用于多个变量回归的回路&输出一个子集 [英] for loops for regression over multiple variables & outputting a subset

查看：138 发布时间：2018/1/28 13:12:48 r for-loop matrix regression output

本文介绍了用于多个变量回归的回路&输出一个子集的处理方法，对大家解决问题具有一定的参考价值，需要的朋友们下面随着小编来一起学习吧！

问题描述

我试图应用这个QA：高效的循环逻辑回归在R / a>对我自己的问题，但我不能使它的工作。我还没有尝试使用apply，但是有人告诉我一个for循环在这里是最好的（如果有人相信，请随意解释！）我认为这个问题是相当普遍的，而不是太深奥的这是我想要实现的：我有一个数据集，包含3个预测变量（性别，年龄，种族）和一个因变量（一个比例）为86几个人的基因位置。我想要为每个位置运行双变量线性回归（因此，对于3个预测变量，所以需要86个线性回归）。然后，我想以一些易读的格式输出结果;我的想法是矩阵行=性别，年龄和种族，列= 86的职位。每行*列组合将会有一个p值。然后，我可以将p值<0.1（或任何我想要的阈值）称为哪个预测指标与每个位置的比例显着相关。

这是我到目前为止的代码。

  BB< ;  -  seq.csv [，6：91]＃包含86个位置的数据帧
 AA < -  seq.csv [，2：4]＃包含3个预测变量
 $的数据帧b $ b linreg<  -  matrix（NA，3,86）＃制作一个结果向量并用NA 
填充（我在1:86）#loop在每个位置变量
 {
 for（j in 1：3）＃for each position variable，loop over each predictor 
 {
 linreg [i，j] < -  lm（BB [，i]〜AA [，j ]）＃双变量线性回归
}}

无论如何改变，简化它循环的位置只有一个预测变量），我仍然得到一个错误，我的矩阵是不一样的长度（要替换的项目数不是替换长度的倍数）。实际上，长度（linreg）= 286（3 * 86），长度（BB）= 86，长度（AA）= 3。我知道后两个是数据框，而不是矩阵...但是，如果我将它们转换为矩阵，我会得到一个无效的类型错误（无效的类型（列表）为变量'BB [，我]'）。我不知道如何解决这个错误，因为我只是不太明白R ...我已经咨询了应用统计遗传学与R编程和R编程艺术，没有用，我一直在谷歌搜索整天。我甚至没有得到输出结果的编码...

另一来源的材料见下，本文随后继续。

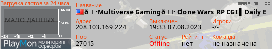 Общая информация ID: 21687 Ссылка: https://playmon.ru/server/208.103.169.224:27015 Адрес: 208.103.169.224:27015 Игроки: 0/90 Статус: Выключен Владелец: Не определён
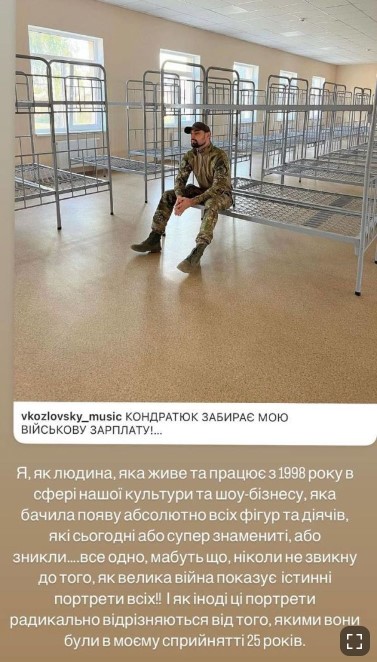 В своих Instagram-stories знаменитость отреагировала на пост певца, в котором он рассказал о том, что бывший продюсер забирает его военную зарплату в качестве компенсации штрафа за нарушение авторского права.

我很感激任何调试技巧或一些更好的方法来编写代码的建议！感谢大家提前。

解决方案

真的很难给出一个明确的答案，您的数据事先，但这个可能工作。我假设你的两个数据框有相同的行数（观测值）：

pre $ df < - cbind（AA [，2：4]，BB [，6:91]）$ b $ b mods < - apply（as.data.frame（df [，4:89]），2，FUN = function（x）{lm （x〜df [，1] + df [，2] + df [，3]}）＃这个矩阵的行将对应于拦截，性别，年龄，种族和列是每个遗传位置的结果 pvals < - sapply（mods，function（x）{summary（x）$ coefficients [，4]）

至于这是否是正确的做法，我相信您作为遗传流行病学家的判断力！ p>

I have tried to apply this QA: "efficient looping logistic regression in R" to my own problem but I cannot quite make it work. I haven't tried to use apply, but I was told by a few people that a for loop is the best here (if someone believes otherwise please feel free to explain!) I think this problem is pretty generalizeable and not too esoteric for the forum.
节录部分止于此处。